Small Businesswoman Tears Up Describing Child Care Woes To Congressional Panel

Tori Snyder talked about caring for “my human, my son” when making the case for federal paid leave and child care support.

A working mom gave lawmakers a raw reminder on Wednesday of the importance of child care and paid leave, tearing up as she described her struggle to care for her autistic son.

Tori Snyder, a Pittsburgh mother to a 4 1/2-year-old boy named Braxton, was asked at a House Ways and Means Committee hearing about the difficulties of pulling together a patchwork of child care and other resources as a small business owner.

“I have to make sure that I secure contract after contract, often taking more on than necessary because of the fear and the worry that there’s not going to be enough money,” Snyder told the lawmakers. “What if one contract ends? What if we hit another [COVID-19] episode? What if we hit a recession?”

She said she would like to go back to working a more stable corporate job with good benefits, but that often those jobs don’t allow the flexibility she needs.

“As someone who’s dedicated 15 years to corporate America, I’m more than happy to be that reliable and accountable person. But my human, my son? He doesn’t have anyone else to take care of him” she said, beginning to tear up.

“If I have to choose between working 40 hours to have health benefits or having to work 90 hours in my small business around my son’s schedule in order to be there for him, making sure he can access the services that he needs, I’ll deal with the stress every day,” she continued. “And that’s why the paid leave for all is so important.”

Democrats have pushed for broader child care and paid leave, but the effort stalled under Republican opposition.

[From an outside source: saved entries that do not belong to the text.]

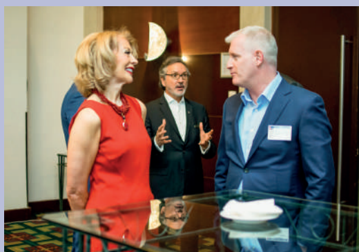
Guests at AmCham Sundowners 2018

27 April, Almaty Arba Wine Bar Sponsor: AmCham
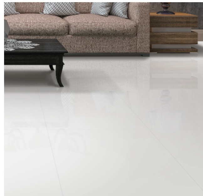
Crystal White 24"X48" R PO

A white polished porcelain that will add purity and elegance to your spaces through the simplicity of its color and the dazzle of its bright finish.
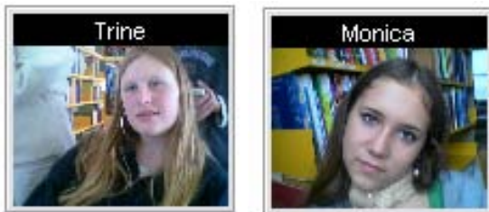
Figure 6: The eBag icons for Trine and Monica s eBag.

The eBag Daemon application shows the eBag icons of registered BlueTooth devices nearby a preselected BlueTooth sensor. An example of how eBag icons are presented is depicted for the eBags of two pupils Trine and Monica in figure 6. The eBag icon has the profile name at the top, the associated profile picture in the middle and can have a message if supplied at the bottom.
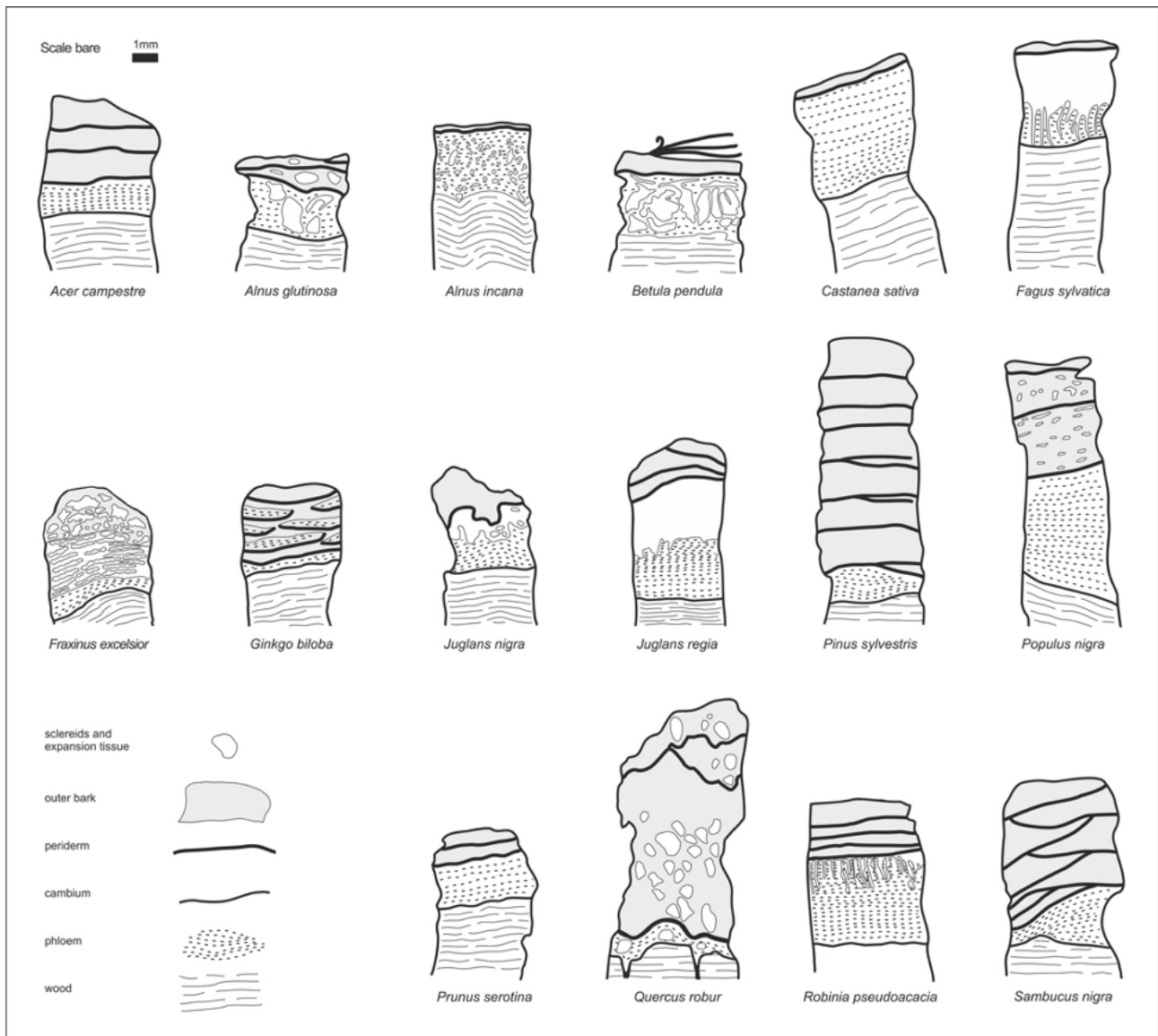
Fig. 3. Scheme of the different bark structure observed in the investigated species

The sampled species showed very variable bark structures (Fig. 3). The main features differentiating the samples were the occurrence and number of periderms, their appearance (i.e., color, thickness, disposition, occurrence of dead secondary phloem and of its fibers), the morphology of the secondary phloem in the inner bark (color, occurrence of growth rings, of fibers), the occurrence and distribution of expansion tissue, the arrangement of fibers and of expansion tissue elements in sclereids, the occurrence of specific traits (rays, resin ducts). A certain degree of variability could be observed within a species or an individual, particularly in terms of thickness and appearance of the outer bark. The first identification key (table 1) allowed the discrimination of all the collected species; only Juglans nigra and J. regia , although visually different, could not be distinguished on the basis of unambiguous traits.
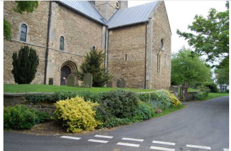
4.1 Stow Minster stands elevated above road
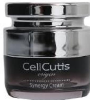
Cellcutis Signature Cream 50ml

Frozen dry cells containing plant stem cells (1,000 ppm) When used in combination with Synergy ampoule, dark and dull skin became clear and moist. This cell help the skin restore skin balance and vitality
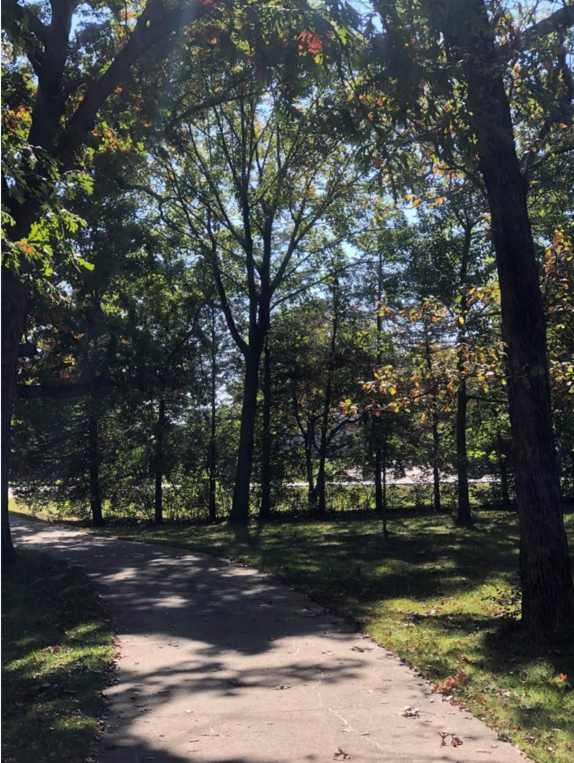
View from the Gerke driveway facing NW Beaver Drive. Large trees in foreground will not be impacted; but the row of cedar and other deciduous trees along ROW which provides screening from NW Beaver Drive will be removed due to project construction.
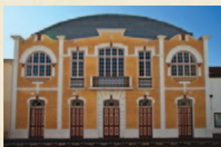
8 Fayalense Theater , built in 1856, altered at a later date.

Carrying on through Barão de Roches Alameda, where we can see the
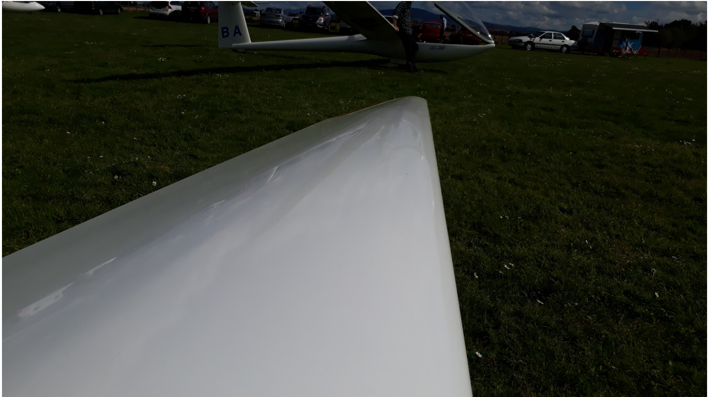
NI's shiny new wings
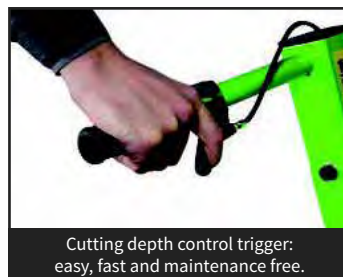
Cutting depth control trigger: easy, fast and maintenance free.
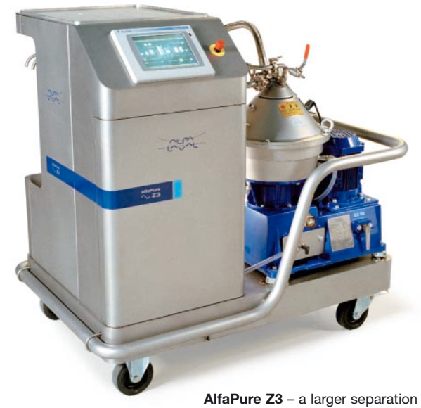
AlfaPure Z3 – a larger separatio system from Alfa Laval.

Our total product range includes some 20 separators that also treat wash liquids, oils, other emulsions and paint waste. Alfa Laval is also the world's leading supplier of heat exchangers, helping customers around the world heat, cool and transport any type of fluid.
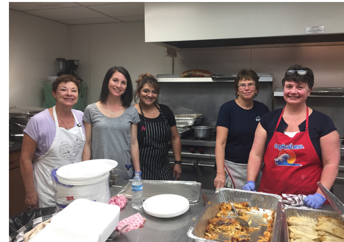
A multitude of volunteers helped prep food in the kitchen

Democrats argued such legislation would help parents like Snyder, who is a member of the advocacy group MomsRising, which focuses on issues of concern to women, mothers and families.

According to Snyder’s written testimony, her business, Self-Care Senorita, offers presentations on self-care and productivity. Snyder also works as a business coach and diversity, equity and inclusion consultant.

In her testimony, Snyder said she had worked in the film industry for several years but left it just before the onset of the COVID pandemic because of unpredictable hours. A new venture, contracting for non-profit organizations, foundered because of the pandemic, she said.

“A lot of single moms are isolated and alone, trying to handle everything ourselves,” Snyder said. “We are burned out and exhausted, overworked and overtired. And we’re struggling even more now because it’s so expensive to feed our kids and put gas in our cars. With paid leave, I would know that if I have to take a day off, we won’t go into debt.”

Republicans on the committee said they worried paid leave for all would be cumbersome for businesses by using a one-size-fits-all approach, and would end up as a corporate giveaway.

Rep. Dave Schweikert (R-Ariz.) said if Democrats were serious about working with Republicans on child care and leave issues, they would huddle with them and economists from both sides to come up with ideas.

“Instead we’ve become nothing but sort of political talking points for the next video clip for the next election,” Schweikert said. “And we’re better than that.”

The Build Back Better Act passed by the House 2021 would have provided free child care for kids under the age of six, as well as free universal pre-school services. It also would have provided up to four weeks of paid family and medical leave annually.

It passed the House on a 220-213 vote, with no Republicans voting in favor.